Align and Copy: UZH at SIGMORPHON 2017 Shared Task for Morphological Reinflection
This addresses the problem of morphological reinflection for computational linguistics, with incremental improvements in neural network architectures for limited-resource settings.
The paper tackled morphological reinflection by predicting inflected forms from lemmas and features using neural networks, achieving the overall winner in the SIGMORPHON 2017 Shared Task 1 without external resources and outperforming competitors with 100 training samples.
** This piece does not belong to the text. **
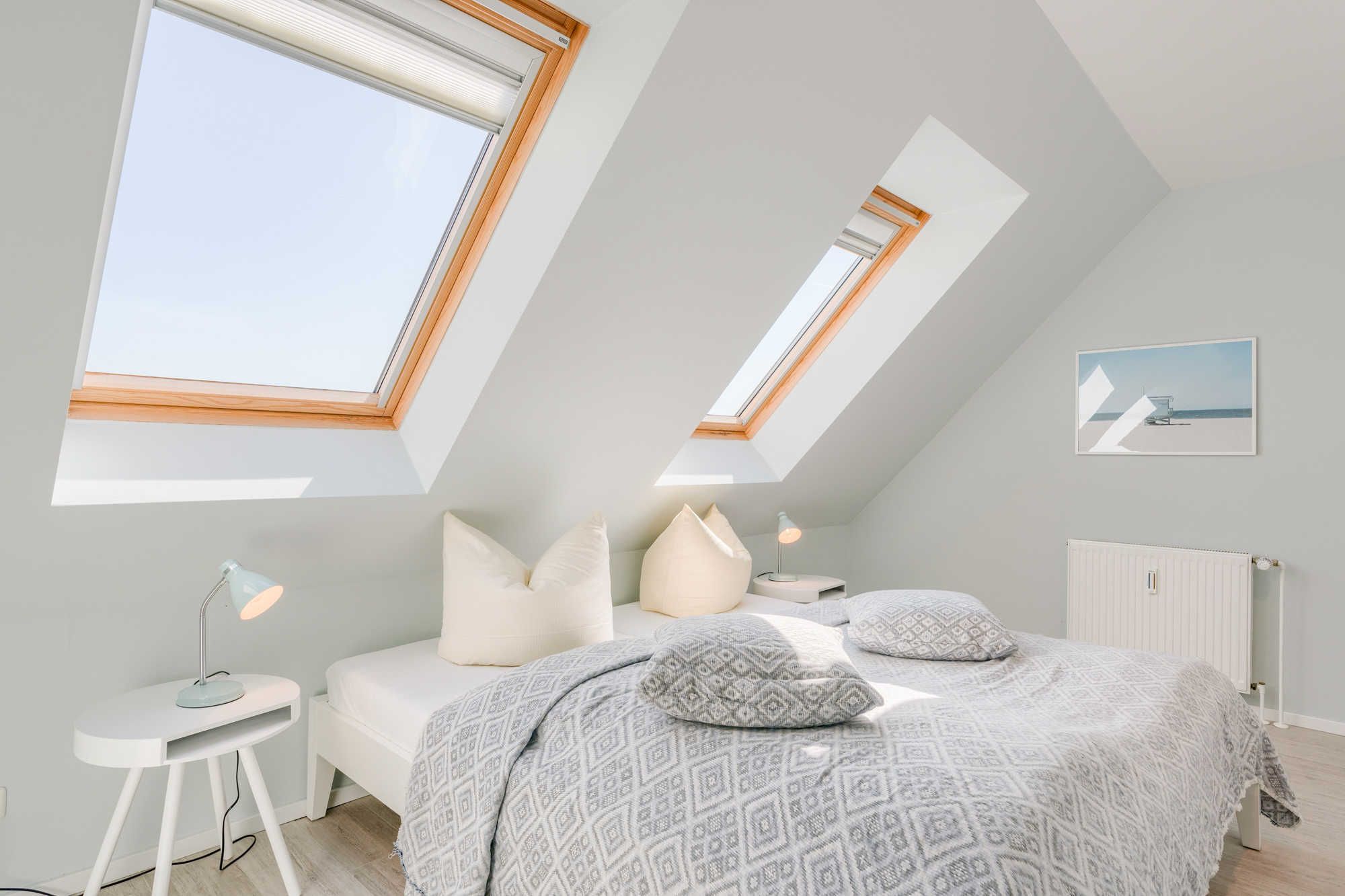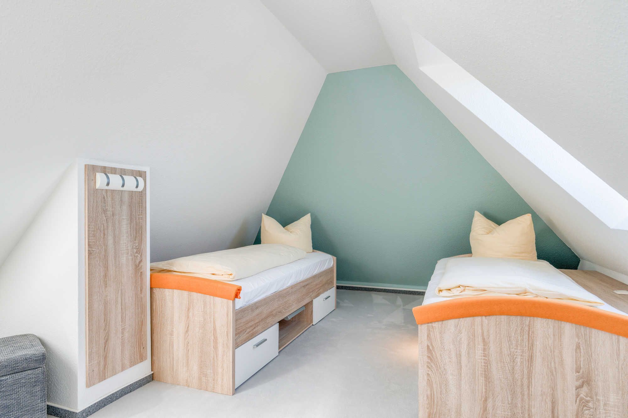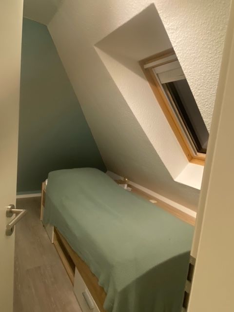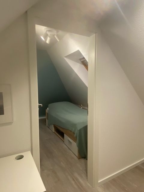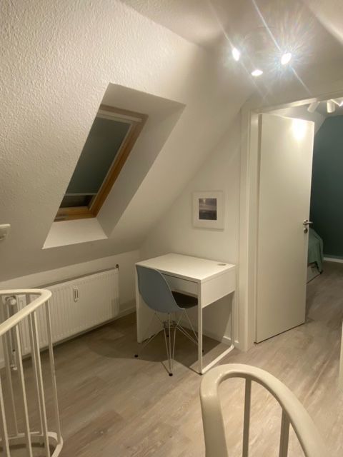 Eine raumsparende Wendeltreppe führt auf die zweite Ebene, wo sich ein weiterer separater Schlafraum mit 2 Einzelbetten (je 0,90 m x 2,00 m) auf der Galerie befindet. Ein kleiner Arbeitsplatz mit einem Schreibtisch ist im offenen Teil der Galerie neu geschaffen worden. Es gibt ausreichend Stauraum für alles Mitgebrachte. Die beiden Dachfenster verfügen auch über Plisseerollos. Es ist einfach nur kuschelig hier!

This paper presents the submissions by the University of Zurich to the SIGMORPHON 2017 shared task on morphological reinflection. The task is to predict the inflected form given a lemma and a set of morpho-syntactic features. We focus on neural network approaches that can tackle the task in a limited-resource setting. As the transduction of the lemma into the inflected form is dominated by copying over lemma characters, we propose two recurrent neural network architectures with hard monotonic attention that are strong at copying and, yet, substantially different in how they achieve this. The first approach is an encoder-decoder model with a copy mechanism. The second approach is a neural state-transition system over a set of explicit edit actions, including a designated COPY action. We experiment with character alignment and find that naive, greedy alignment consistently produces strong results for some languages. Our best system combination is the overall winner of the SIGMORPHON 2017 Shared Task 1 without external resources. At a setting with 100 training samples, both our approaches, as ensembles of models, outperform the next best competitor.